A Ten Pound Bag
Chapter 122: A New Side Profession

Copyright© 2020 by Emmeran

By: Emmeran, 26 April 2021

Edited: nnpdad 2 May 2021

Published: 5 May 2021

I was now about to reach a new low in my illustrious lowlife existence. I was about to sell people on the Auction Block. Now to give the devil his due, I also intended to purchase them and free them in Rulo. But still, here I was selling people. I was simply confident that I had a bigger wallet than any person here. The bottom line was, I didn’t have time to interview them and I could actually be purchasing trouble. A lot was riding on my assumption that most of these slaves were decent people. No doubt, the ten percent rule applied, so I was sure that there was trouble in this entire undertaking.

The other thing I had to worry about was how to store these folks until we could hit the road. They needed to be under guard until we got them to settle down. And they needed shelter and food. I decided to go with my gut, but I needed to get the auction and purchases done also. I talked to the bank manager before I took to the block. I told him I might need to deposit more gold Monday and to hold everything in escrow until I got there that morning.

Then I took to the stage to warm up. Well the crowd had grown until it looked like almost 500 people had shown up. Apparently it was entertainment - I was the only show in town. There was no way they all would hear me. I also wouldn’t be able to pick-out bidders. That meant I needed to do something, quick. I turned to look for help and Timmons was there with a large tin megaphone in his hands. It looked like it weighed thirty pounds and when I hefted it, I realized that it probably did.

Timmons and Jeb saw the problem, asked me to heft it, took a quick measurement, and then they were off again. I decided to get the crowd organized and then go warm up back behind the stage. The large, and growing, crowd had me a little off kilter. Where was Esther when I needed someone to charm them?

I gave the phone a try.

“Howdy there, folks!” I projected through the tin cone and I’ll be damned if it didn’t boom out the other end. But it was heavy.

“Howdy!” They hollered back, which caught me completely off guard.

“Well, folks, this is a surprise. There are a lot more of you now including a bunch of ladies, I’m sorry but the tea kettles have all already been sold.” This brought a chuckle from the crowd.

“Can those of you at the very back hear me? If you can, please wave your arm.” The back of the crowd folks gave a wave and I was suitably surprised.

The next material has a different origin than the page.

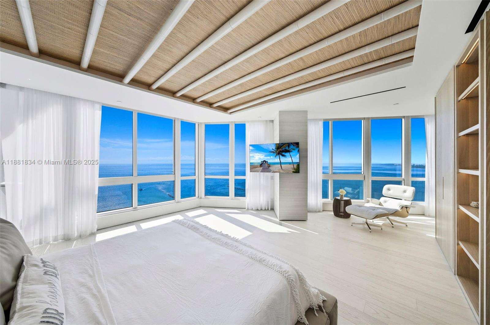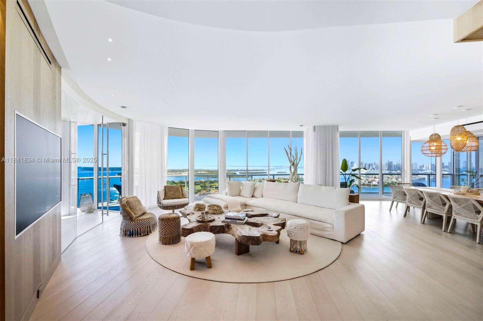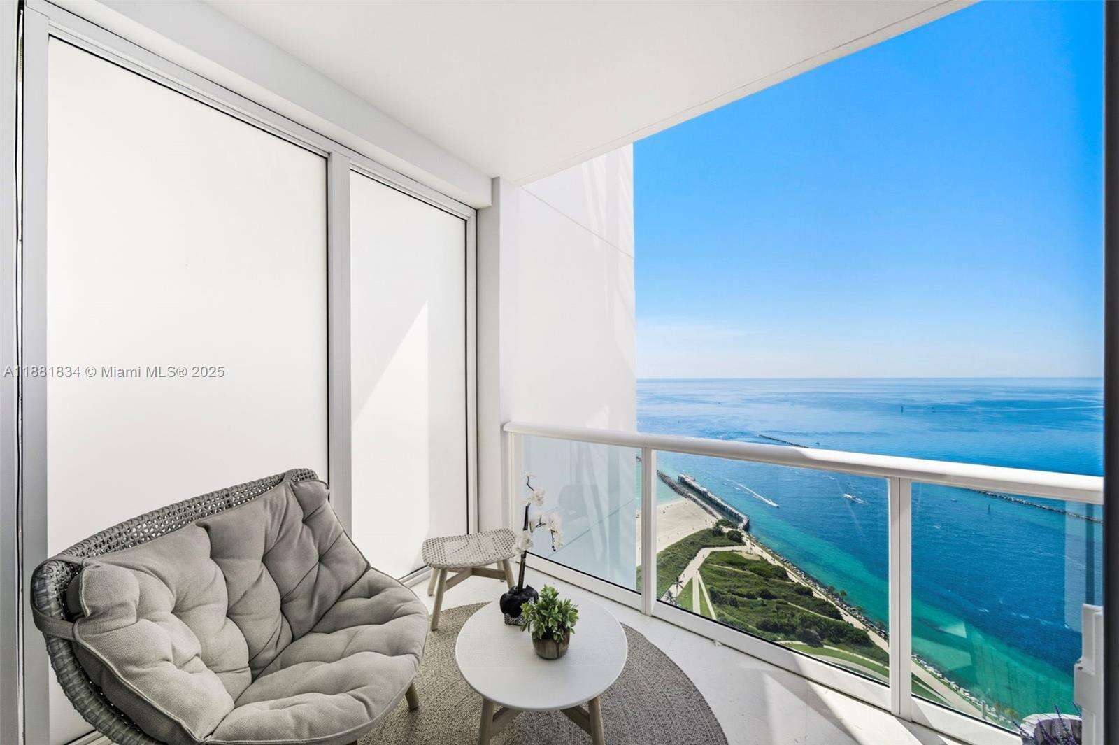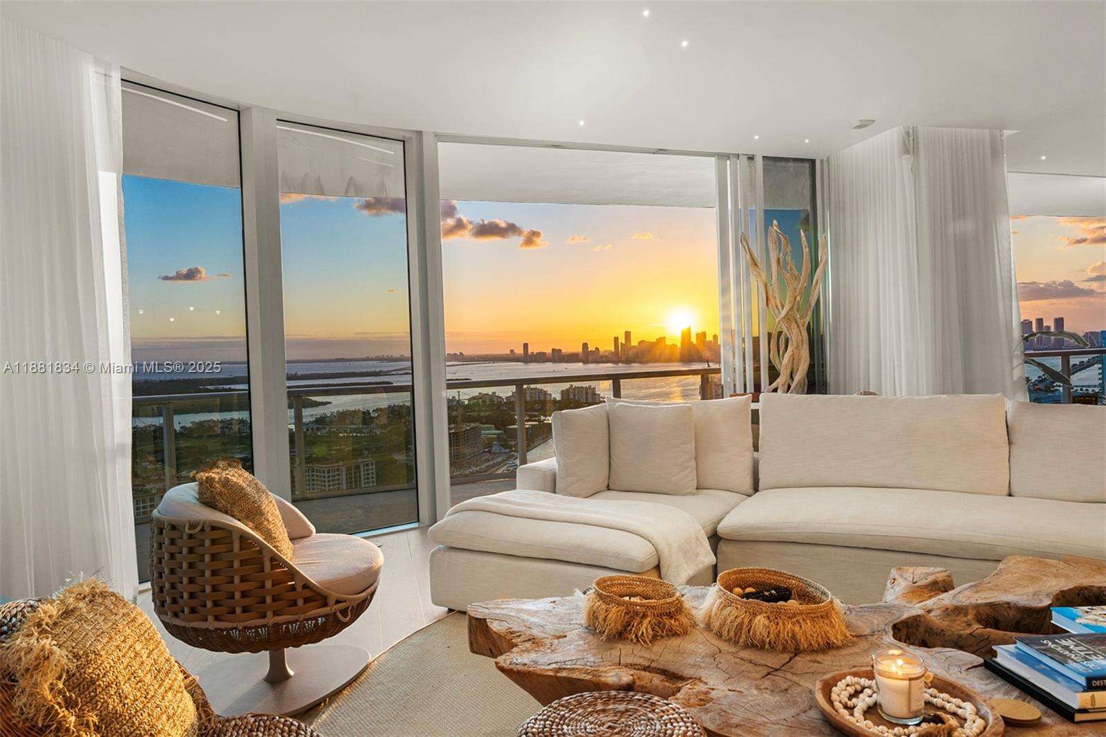 Have it all at CONTINUUM 3803, a turnkey 5,049 SF sky residence beyond compare. From Atlantic sunrise to skyline sunset, this architectural marvel by Kobi Karp boasts coveted SE-to-SW exposures. Arrive via private elevator into a grand foyer clad in fluted white oak, unveiling jaw-dropping panoramas. The grand salon stuns with a curved glass wall and retractable doors, seamlessly blending indoor/outdoor living. Curved ceilings, architectural lighting, and custom drapery enhance the refined atmosphere. Zen-inspired principal suite offers a private sunrise terrace, bath w/Dornbach fixtures, dressing rm & rich millwork. Hans Krug kitchen showcases a wood + stone island, breakfast nook, and Miele appl. Dual oceanfront offices, media room & oversized laundry rm complete this seaside sanctuary.

“Now folks, I’m going to need all of the bidders up here at the front so we can see them. We’ll do this at every lot change, but for this first set of lots we are selling ‘yard birds,’ chickens, ducks, geese and turkeys. So any person who intends to bid on ‘yard birds,’ come up to the front so I can see you.”

“Please folks, we need a path up the middle here for people to walk. So if you are on this side of me,” I waved my right hand, “Please take three steps to your left and you folks on the other side, please do the same to your right.” It had taken me a minute to get my mind sorted on which way they needed to go and a couple of guys directly in front of me just stood there looking confused. So I said, “If you are standing in front of me and are confused just take three steps to your left. That’s right sir, either left will do. We just need a walk path.” The crowd chuckled again. The lost folk moved all except one and eventually someone came out and helped him. ‘Wow! Just f•©king wow!’ I thought.

“Folks, while you’re getting organized, I’m going to head back here and warm up. We’ll start the bidding in ten minutes, give or take.” With that, I put the megaphone down and walked off behind the dock. Byrne was there with his wife. She had brought me a glass of warm saline water flavored with lemon to gargle with and loosen up my voice. She told me it was something she had learned in singing lessons as a young lady.

I smoked a quick cigarette first and then gargled multiple times with the lemon-saline. It was time to see if it helped. I started slow and quiet.

“Weeelll, thank you lady, thank you ma’am, it no longer feels like a rusty can. I’d love to have some more aaat breeeaak, I’ll do anything whatever it takes, to get to the end of this surprising daaayyy.” I chanted out and then coughed.

She clapped in delight and had a bright blush on her face, “I’ll be back with more in an hour, maybe even a taste of John’s fine bourbon!”